Wendy's shares have experienced a significant surge, gaining 25% on Wednesday and an additional 9% on Thursday, marking the latest instance of a short squeeze in the market. Retail traders have flocked to the burger chain's stock, with Vanda Research reporting that Wednesday was the second-largest day of retail net-buying for Wendy's since 2012, trailing only behind Nvidia and SpaceX. The stock's recent performance is driven by a nostalgia-heavy brand and high short interest, which currently stands at approximately 32% of its float. This scenario mirrors the conditions that previously propelled stocks like GameStop and AMC Entertainment to extraordinary heights.
As Wendy's stock continues to climb, analysts are speculating on which stocks could be the next targets for retail traders. JPMorgan analyst Arun Jain has identified three potential candidates: Smartbird, Campbell's Company, and Oddity Tech. Smartbird, which has pivoted from a footwear retailer to an AI infrastructure company, has seen a 20% short interest and a year-to-date increase of 5%. Campbell's Company, down 20% year-to-date, has a short interest of 25%, while Oddity Tech has plummeted 67% this year with a 24% short interest.
The current enthusiasm for Wendy's highlights a broader trend of retail investor engagement in the stock market, particularly in companies with high short interest.

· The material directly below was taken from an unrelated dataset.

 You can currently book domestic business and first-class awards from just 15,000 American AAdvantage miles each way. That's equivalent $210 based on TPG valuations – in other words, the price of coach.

This behavior can lead to rapid price increases as traders rush to capitalize on potential gains, creating a cycle that can be both volatile and unpredictable.

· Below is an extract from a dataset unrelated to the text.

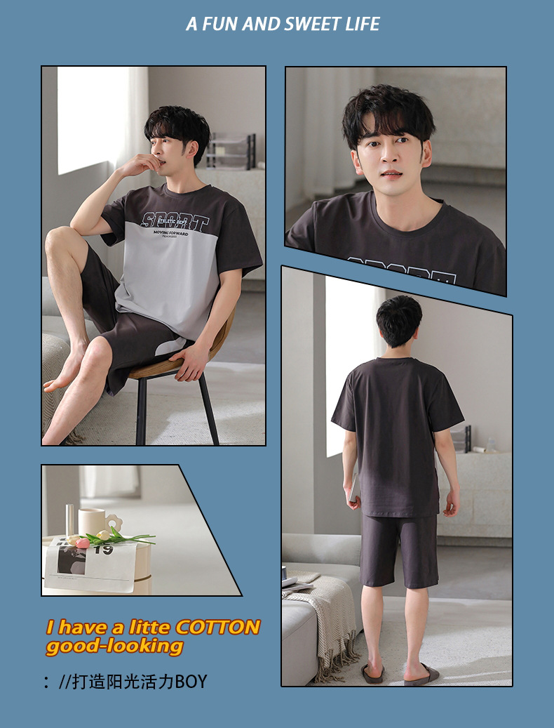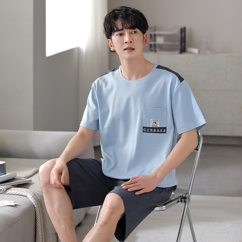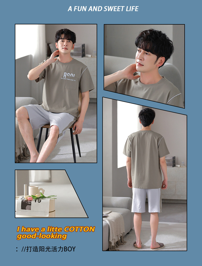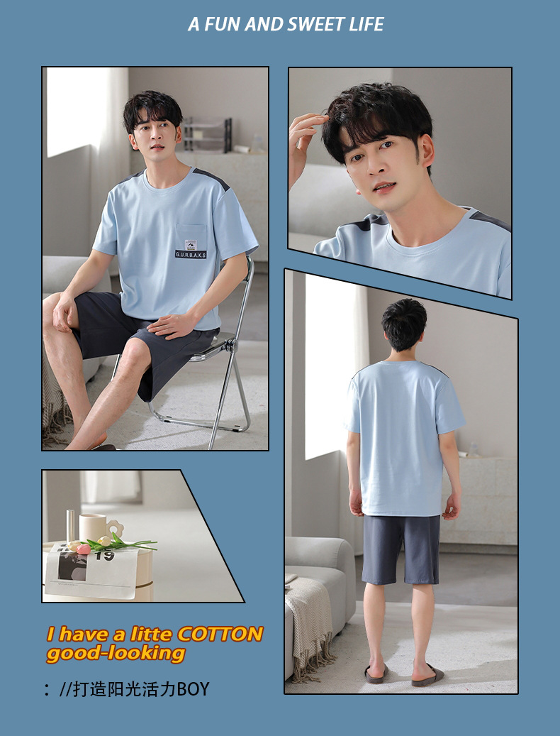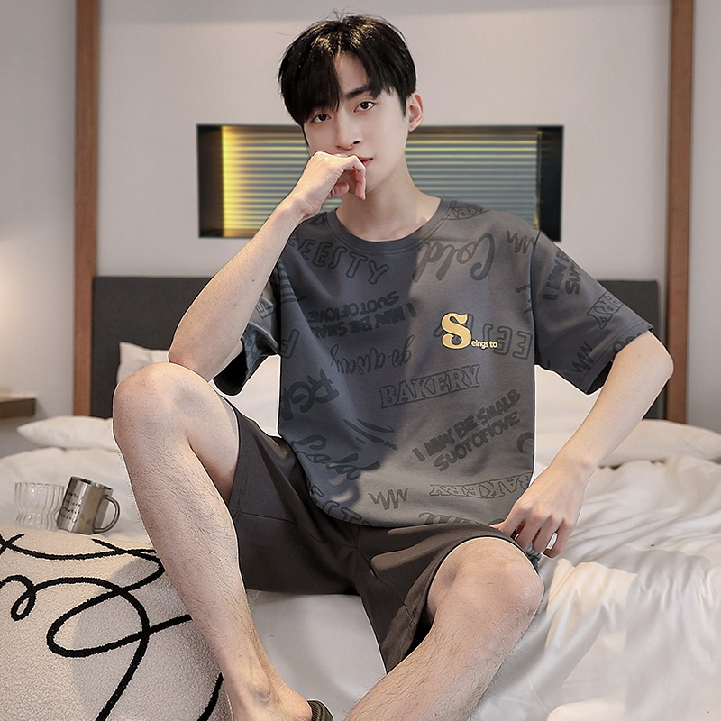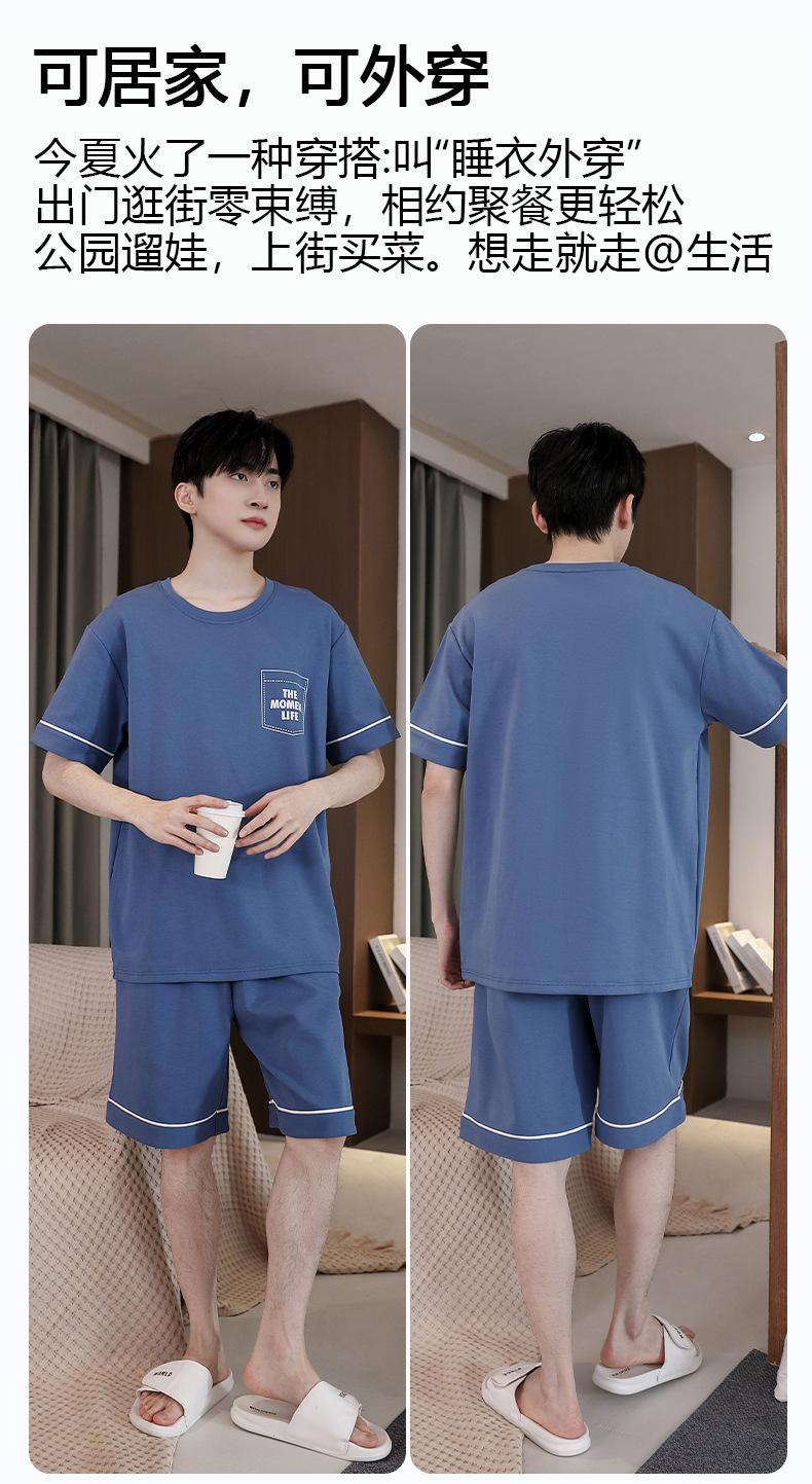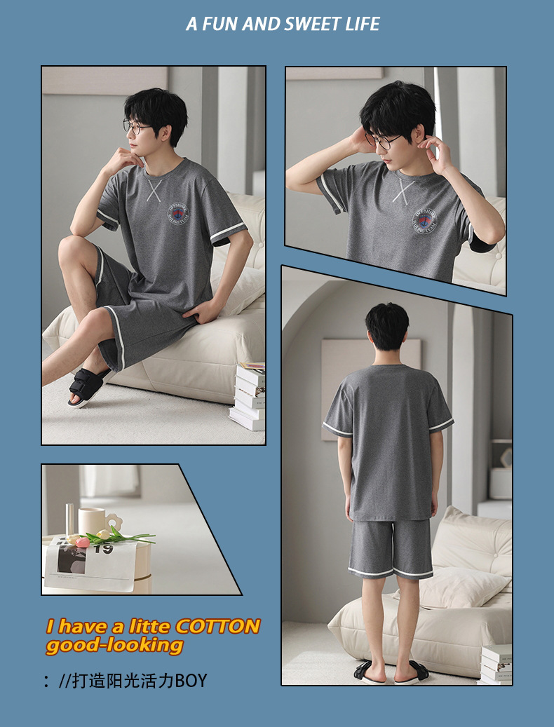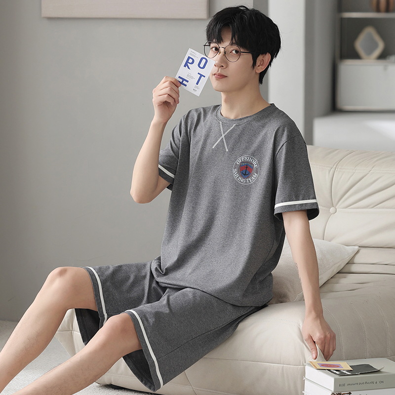 퓨어 코튼 파자마 남자 여름 반팔 반바지 얇은 청소년 캐주얼 스포츠 간단한 라운드 넥 홈웨어 외주스토어 가기

The surge in Wendy's stock may prompt increased activity in both equity markets and specific sectors, particularly among consumer brands with high short interest. Investors may also look to hedge against potential volatility in the broader market, especially in the face of declining cryptocurrency values.
Investors will monitor the performance of these identified stocks closely as the market dynamics evolve.